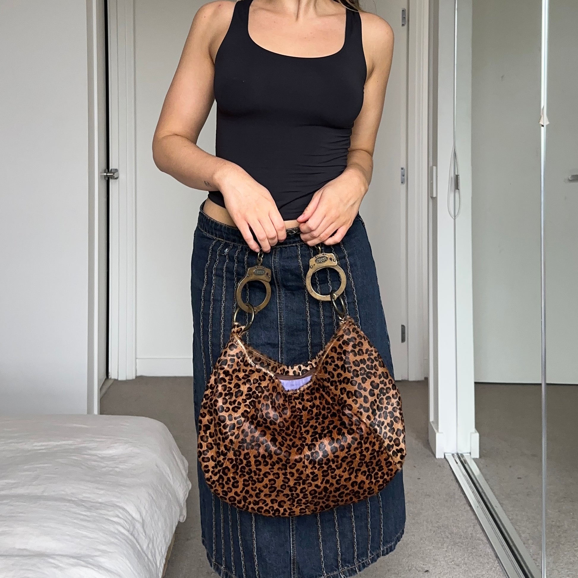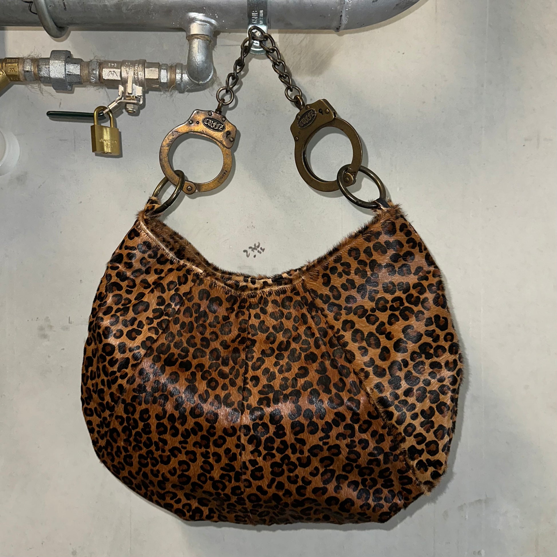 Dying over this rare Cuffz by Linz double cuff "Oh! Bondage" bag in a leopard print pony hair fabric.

--

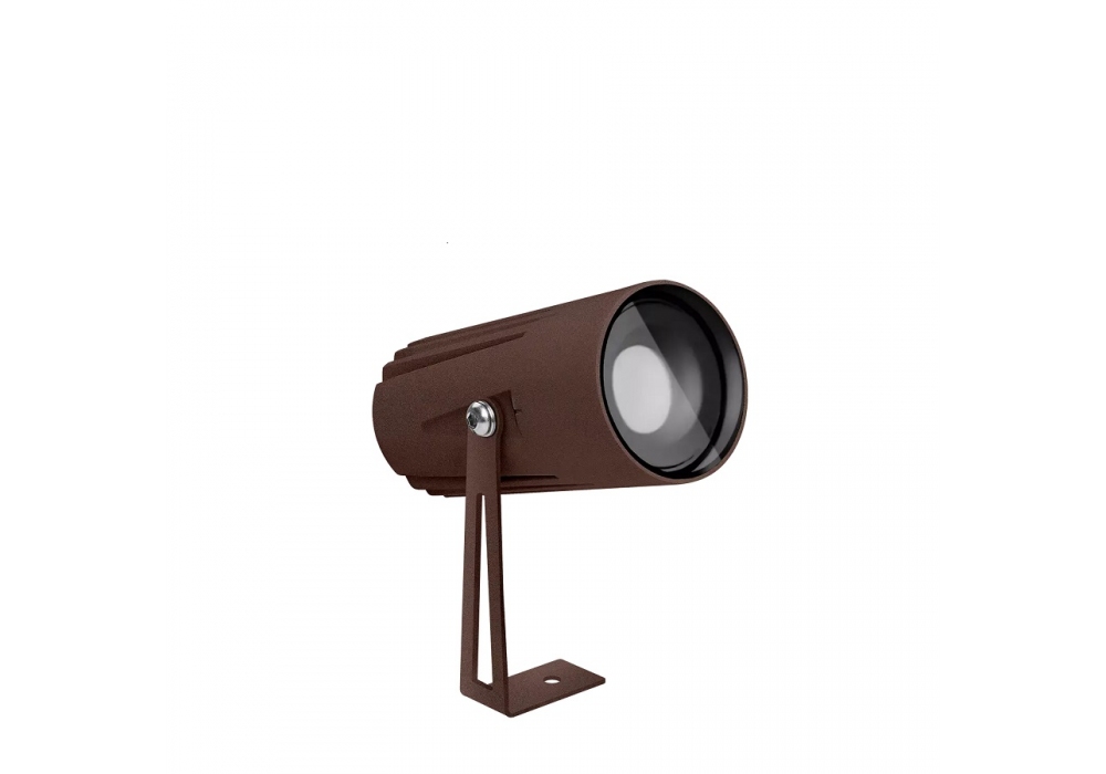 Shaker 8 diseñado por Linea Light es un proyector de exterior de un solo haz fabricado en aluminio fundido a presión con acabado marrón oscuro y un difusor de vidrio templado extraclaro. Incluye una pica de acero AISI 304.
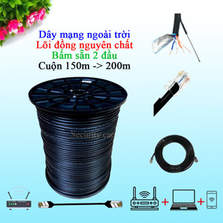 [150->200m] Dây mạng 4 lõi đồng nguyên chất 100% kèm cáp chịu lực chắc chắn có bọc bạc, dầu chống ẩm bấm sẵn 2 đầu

• [Task prompt] For this exercise, transcribe exactly the part of the records above that opens with the line containing "Shaker 8 diseñado" and closes with the one containing "[150->200m] Dây mạng". Pictures are not part of the copy.

• [Solution to this task]
 Shaker 8 diseñado por Linea Light es un proyector de exterior de un solo haz fabricado en aluminio fundido a presión con acabado marrón oscuro y un difusor de vidrio templado extraclaro. Incluye una pica de acero AISI 304.
 [150->200m] Dây mạng 4 lõi đồng nguyên chất 100% kèm cáp chịu lực chắc chắn có bọc bạc, dầu chống ẩm bấm sẵn 2 đầu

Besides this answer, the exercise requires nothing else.